### TASK TO CARRY OUT
Using the data that follows, output only the lines from the line with "PLaMoによる対話データの" up to and including the line with "Agbeyewa Farms is", exactly, leaving pictures aside.
※
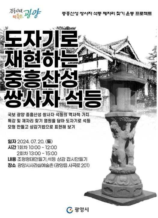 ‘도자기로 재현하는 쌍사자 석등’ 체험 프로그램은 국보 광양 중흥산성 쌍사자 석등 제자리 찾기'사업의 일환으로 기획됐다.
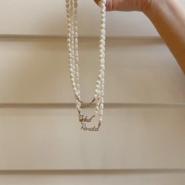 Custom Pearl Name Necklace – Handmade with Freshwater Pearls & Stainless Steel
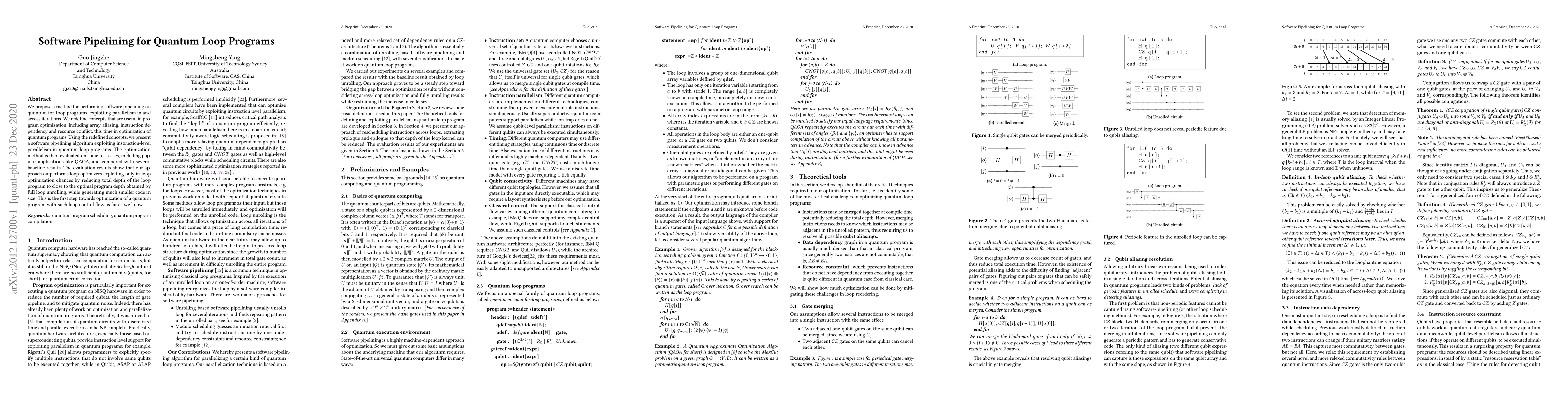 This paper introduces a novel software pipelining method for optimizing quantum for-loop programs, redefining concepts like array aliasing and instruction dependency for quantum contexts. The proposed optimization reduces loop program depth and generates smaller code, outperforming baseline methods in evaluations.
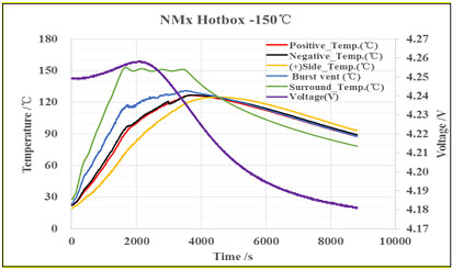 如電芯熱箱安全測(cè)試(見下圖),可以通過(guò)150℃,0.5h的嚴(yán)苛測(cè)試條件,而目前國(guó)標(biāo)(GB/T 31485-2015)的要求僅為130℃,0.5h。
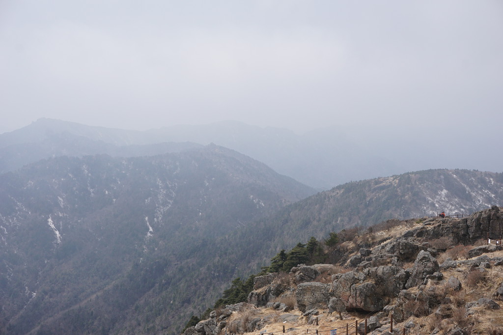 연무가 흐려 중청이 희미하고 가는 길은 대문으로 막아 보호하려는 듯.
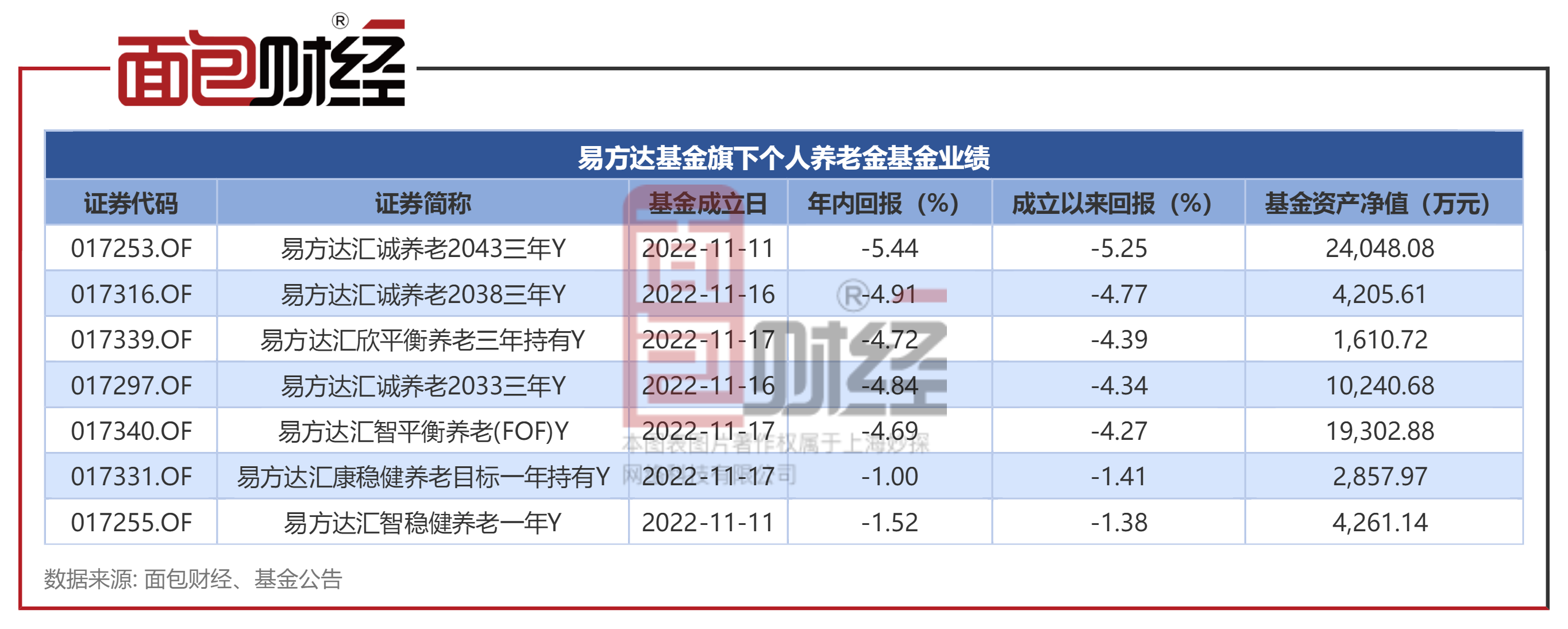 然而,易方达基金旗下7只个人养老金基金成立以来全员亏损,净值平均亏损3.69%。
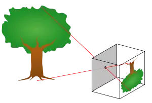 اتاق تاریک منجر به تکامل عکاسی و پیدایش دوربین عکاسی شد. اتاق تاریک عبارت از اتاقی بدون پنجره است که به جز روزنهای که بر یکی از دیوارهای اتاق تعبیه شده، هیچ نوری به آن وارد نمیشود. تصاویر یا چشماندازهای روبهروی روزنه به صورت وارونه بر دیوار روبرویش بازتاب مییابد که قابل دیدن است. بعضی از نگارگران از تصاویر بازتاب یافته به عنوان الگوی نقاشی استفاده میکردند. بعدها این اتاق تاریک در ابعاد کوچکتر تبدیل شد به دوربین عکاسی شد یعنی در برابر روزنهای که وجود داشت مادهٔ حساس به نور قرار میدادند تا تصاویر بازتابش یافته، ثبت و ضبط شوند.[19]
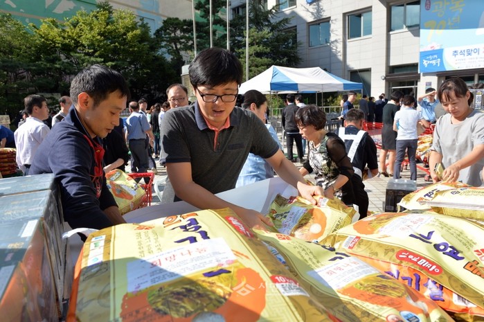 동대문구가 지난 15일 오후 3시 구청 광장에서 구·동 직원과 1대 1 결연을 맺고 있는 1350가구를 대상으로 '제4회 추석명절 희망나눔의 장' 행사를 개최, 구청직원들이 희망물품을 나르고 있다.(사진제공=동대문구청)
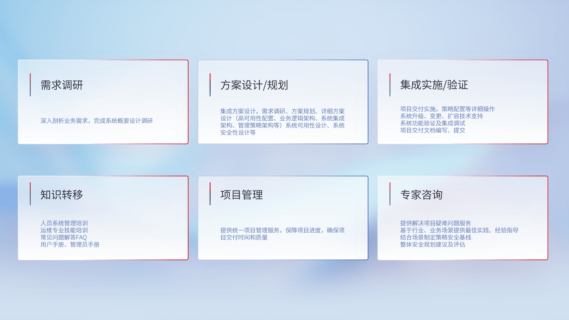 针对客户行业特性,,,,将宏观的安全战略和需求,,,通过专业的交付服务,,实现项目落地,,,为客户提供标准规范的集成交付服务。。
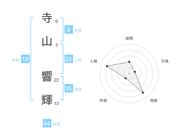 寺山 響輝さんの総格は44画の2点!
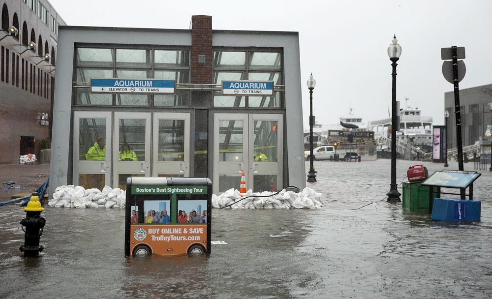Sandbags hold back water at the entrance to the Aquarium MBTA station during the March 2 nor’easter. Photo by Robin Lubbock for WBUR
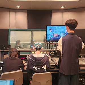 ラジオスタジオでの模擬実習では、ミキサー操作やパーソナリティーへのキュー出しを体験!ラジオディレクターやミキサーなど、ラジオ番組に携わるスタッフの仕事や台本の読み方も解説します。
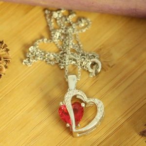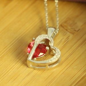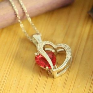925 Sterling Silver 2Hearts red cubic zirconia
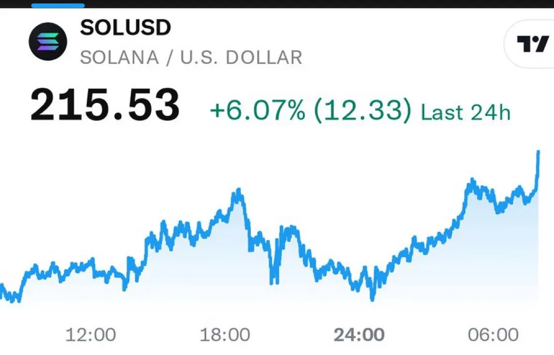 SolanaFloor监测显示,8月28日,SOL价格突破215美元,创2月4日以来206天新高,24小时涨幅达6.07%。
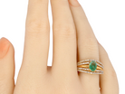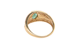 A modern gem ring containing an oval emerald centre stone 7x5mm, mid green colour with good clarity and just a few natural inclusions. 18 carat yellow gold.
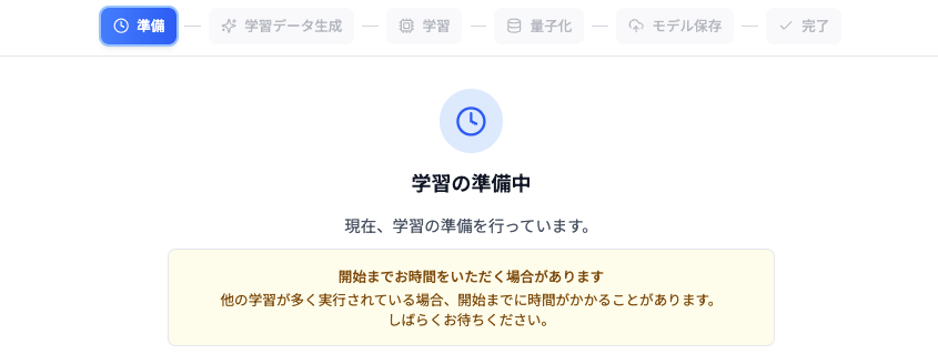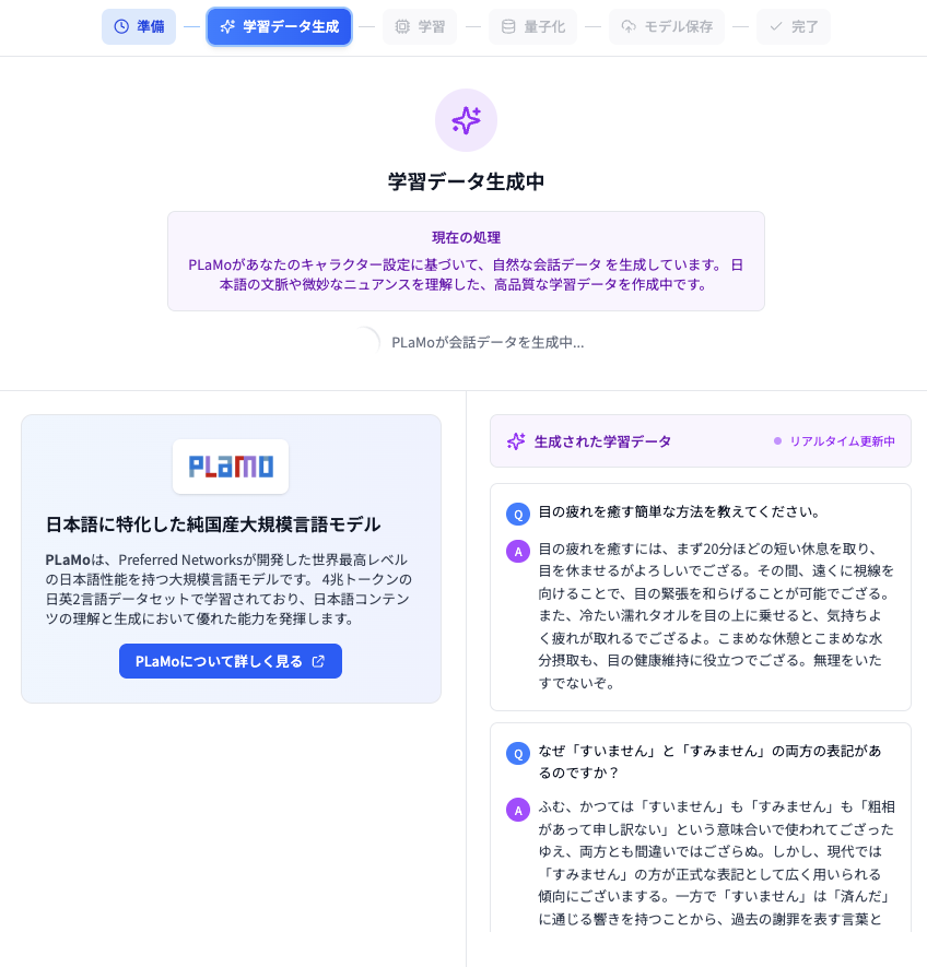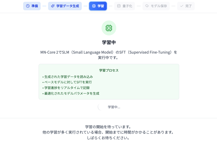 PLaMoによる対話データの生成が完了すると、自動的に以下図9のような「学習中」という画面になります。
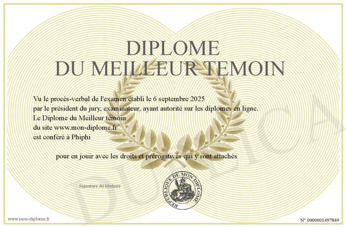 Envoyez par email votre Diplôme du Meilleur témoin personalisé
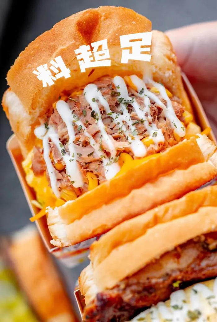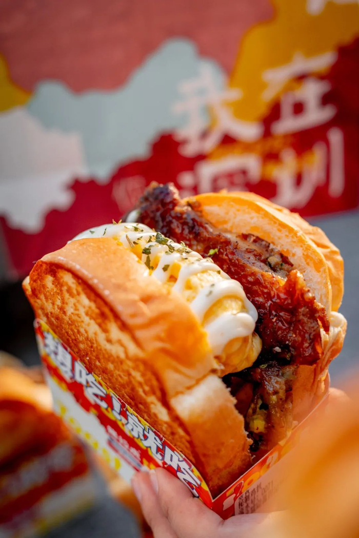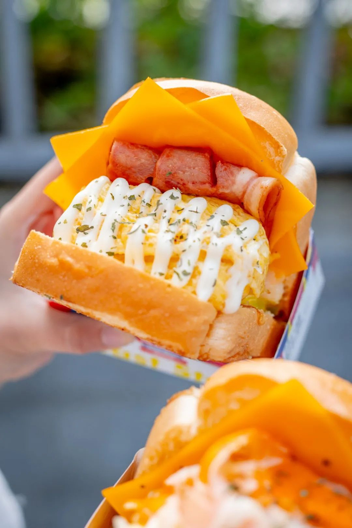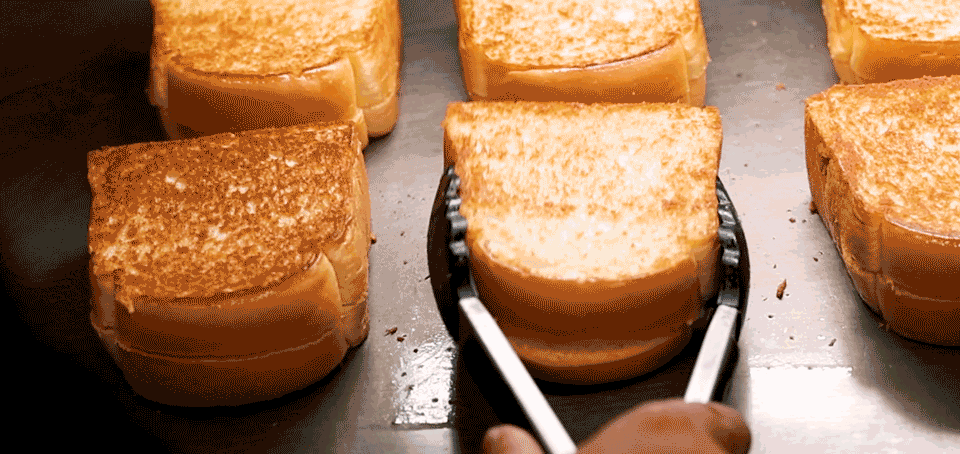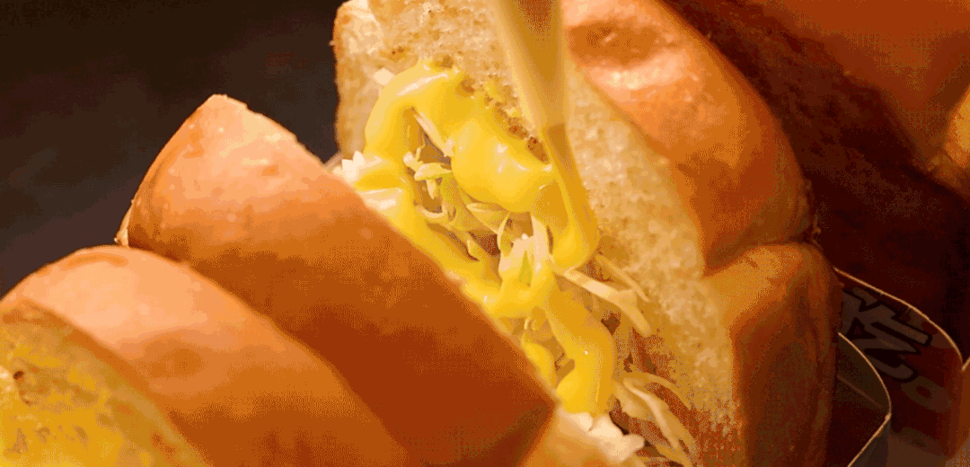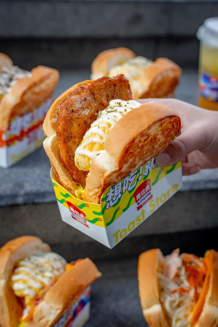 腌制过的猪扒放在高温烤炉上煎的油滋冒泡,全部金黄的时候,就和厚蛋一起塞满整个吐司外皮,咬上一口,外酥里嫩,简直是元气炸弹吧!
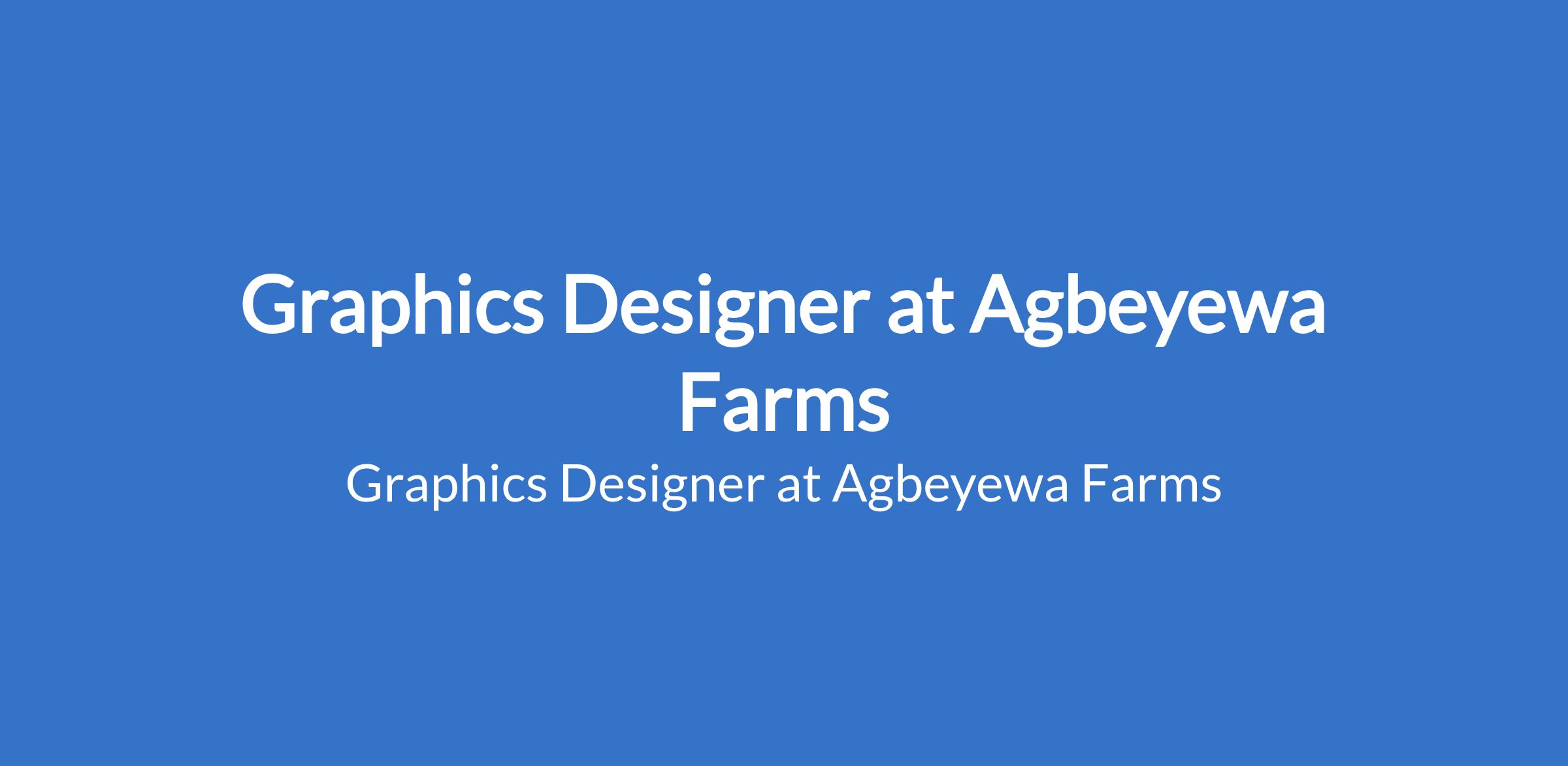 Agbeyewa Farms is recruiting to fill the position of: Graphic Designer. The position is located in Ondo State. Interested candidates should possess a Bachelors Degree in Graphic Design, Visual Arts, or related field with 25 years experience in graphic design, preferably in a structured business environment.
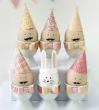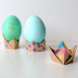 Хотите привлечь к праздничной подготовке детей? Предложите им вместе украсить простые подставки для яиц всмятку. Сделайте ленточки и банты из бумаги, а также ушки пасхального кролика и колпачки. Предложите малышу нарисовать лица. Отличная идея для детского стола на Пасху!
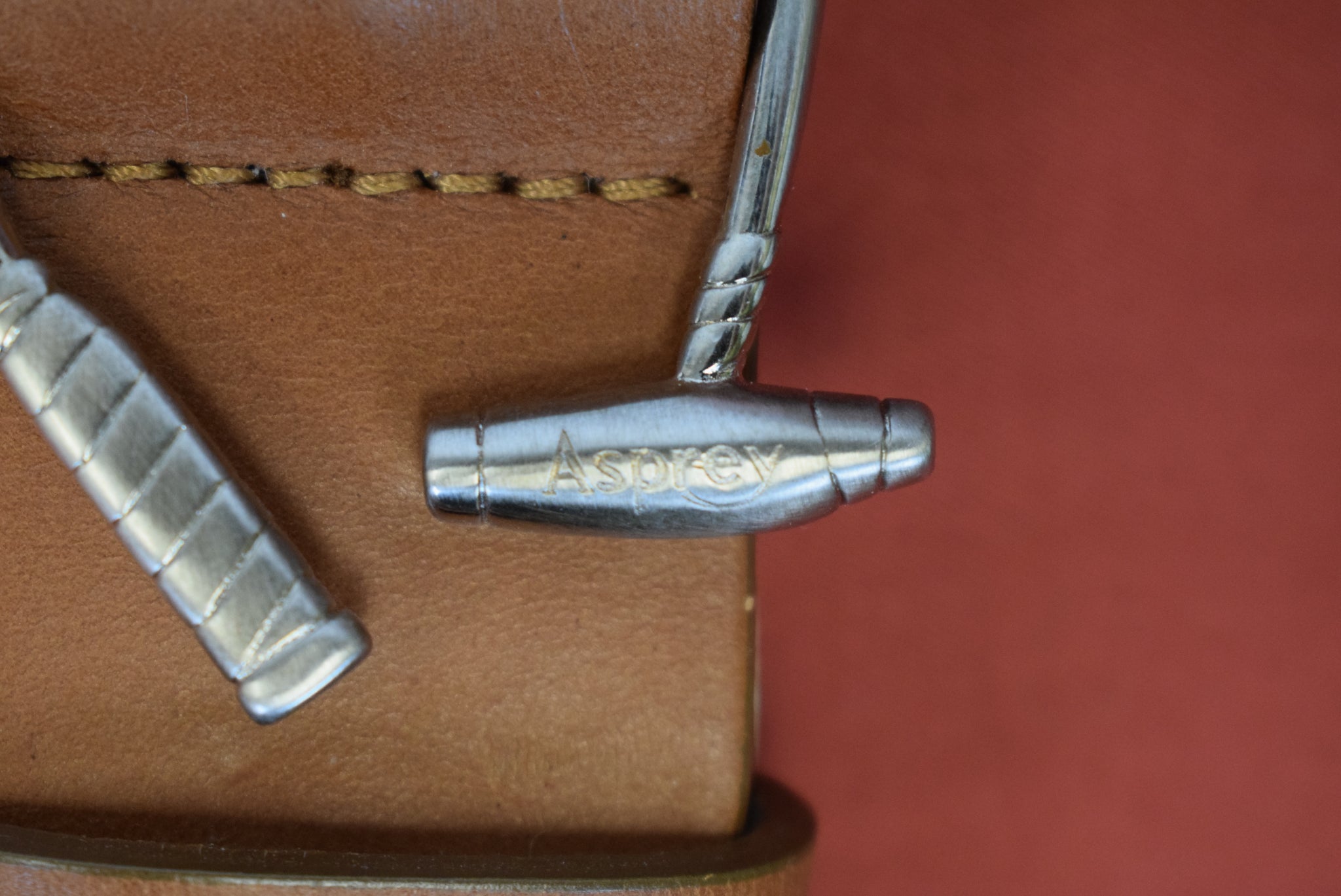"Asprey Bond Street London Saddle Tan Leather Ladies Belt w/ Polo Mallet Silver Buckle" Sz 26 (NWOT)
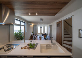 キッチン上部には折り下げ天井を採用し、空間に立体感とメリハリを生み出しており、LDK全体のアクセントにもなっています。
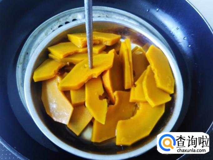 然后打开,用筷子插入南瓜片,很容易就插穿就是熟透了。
※
### SOLUTION BELOW
 PLaMoによる対話データの生成が完了すると、自動的に以下図9のような「学習中」という画面になります。
 Envoyez par email votre Diplôme du Meilleur témoin personalisé
 腌制过的猪扒放在高温烤炉上煎的油滋冒泡,全部金黄的时候,就和厚蛋一起塞满整个吐司外皮,咬上一口,外酥里嫩,简直是元气炸弹吧!
 Agbeyewa Farms is recruiting to fill the position of: Graphic Designer. The position is located in Ondo State. Interested candidates should possess a Bachelors Degree in Graphic Design, Visual Arts, or related field with 25 years experience in graphic design, preferably in a structured business environment.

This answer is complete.